In response to EEI’s earlier similar comments, FERC stated the “FERC Form No. 1 is insufficient for the Commission to meet its statutory requirements related to AACs.” However, the purpose of EEI’s prior comments was not to show that the Form 1 information was sufficient for FERC’s AAC reviews, but that the data provided through regular informational filings was sufficient for FERC’s AAC reviews. EEI’s use of the FERC Form 1 reference was primarily to show that FERC had previously granted similar exemptions. EEI offers this clarification of its prior comments and believes that this exemption is necessary so that FERC’s proposed changes do not add an unnecessary, duplicative burden on respondents. The Paperwork Reduction Act, under which this current review of the Form 580 is being conducted, requires agencies to avoid collecting such unnecessary or duplicative information.


OMB Should Preclude FERC from Requiring Reporting of Transmission-Only

Agreements in the AAC Sections of the Form Because of the Limited Usefulness of Such Information


The requirements of section 205(f)(2) of the Federal Power Act must be understood in the context in which they were adopted. Although EEI recognizes that the Congressional mandate of Section 205(f) is arguably quite broad, it was drafted at a time when formula rates (i.e., AACs) for transmission were unheard of. Indeed, the Section was enacted in 1978 as part of PURPA, when open access was well over a decade away and concerns over usage of oil and gas were paramount. The fact that the statute refers to “economical purchase and use of fuel and electric energy” and the “economical purchase and use of fuel, electric energy, or other items” confirms that Congress was not concerned with inputs into transmission rates. In the cases cited supra, the Commission states that the purpose of the review of AACs is limited in scope and relates to fuel purchases and prices. Nonetheless, and despite the name of the interrogatory, the Commission rejected EEI’s comments that the Commission should not expand the Form 580 to apply to “transmission AACs,” i.e., AACs for transmission service, wholesale distribution service, interconnection service, and other transmission services. The use of AACs in transmission tariffs has grown rapidly in the last decade, as most transmission owners/providers have adopted formula rates. Also, virtually every interconnection agreement, facilities agreement, and engineering and procurement agreement entered into is a cost-based contract that contains a cost estimate that is then trued-up to reflect actual cost. Such contracts under FERC’s definitions may be considered to include AACs.

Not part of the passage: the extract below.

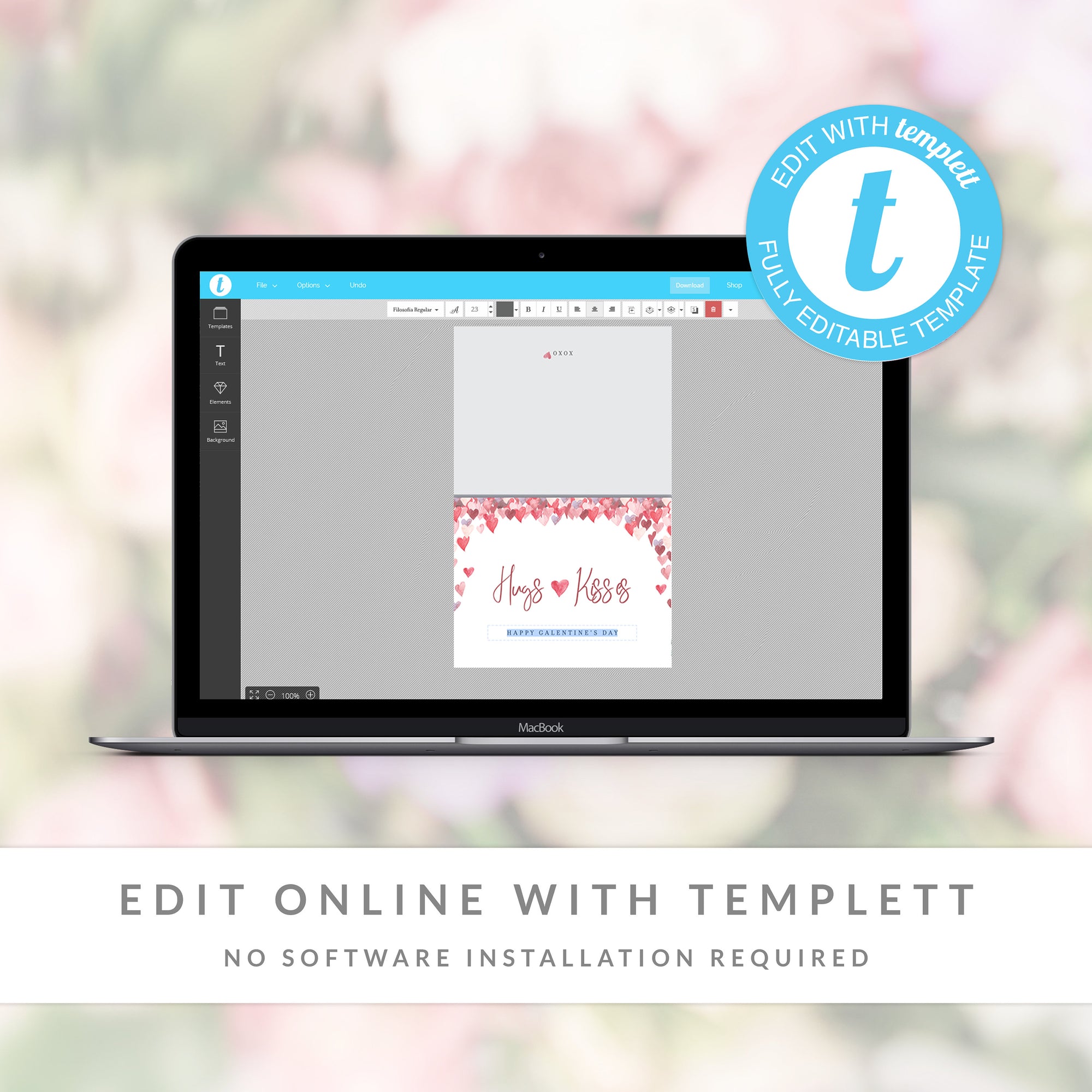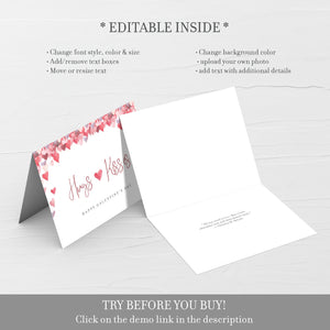 Galentines Hearts Hugs & Kisses Card Template, Printable Be My Galentine Card, Editable INSTANT DOWNLOAD - VH100

EEI’s position in its prior comments that transmission AACs should not be covered is fully supported by the fact that respondents have to file the proposed Form 580 only if they own 50 MW or more of steam generation. Because a significant number of transmission owners/providers do not own steam generation, collecting data on transmission AACs through the Form 580 will only result in obtaining data on a partial subset of utilities that have transmission AACs. As a result, the Commission will only have information to analyze a subset of utilities that use AACs for transmission services

EEI Comments to OMB on FERC Form No. 580

July 21, 2010

Page 5 of 7


rates. Moreover, ISOs and RTOs themselves use AACs extensively but certainly own no steam generation. In response to EEI’s comments, FERC stated:


The Commission needs to know the magnitude of transmission tariffs on file that include service schedules where transmission costs are allowed to be passed-through an AAC. It would be difficult for the Commission and others who use the form to have a complete picture of the magnitude of the role played by AACs in transmission tariffs if this information was not collected.


However, as noted above, a large portion of transmission owners/providers do not own steam generation and therefore are not subject to the Form 580 filings requirements.


Therefore, a “complete picture” of transmission AACs will not be accomplished through the Form 580 and such tariffs and agreements should be excluded. Any analysis performed on such data could be profoundly skewed and misleading.


OMB Should Preclude FERC from Collecting Procurement and Fuel Supply Contract Data for Fuels Whose Costs Are Not Subject to Automatic Adjustment


As discussed above, the purpose of Form 580 is to provide the Commission information that will enable it to examine whether or not each AAC effectively provides incentives for efficient use of resources. EEI believes that the revisions FERC has proposed for the form combine in certain circumstances to nadvertently call for the provision of one type of information that does not further, and may even interfere with, that purpose. Questions 5 and 6 may call for fuel procurement and fuel cost information related to fuel purchases that are not subject to an adjustment clause.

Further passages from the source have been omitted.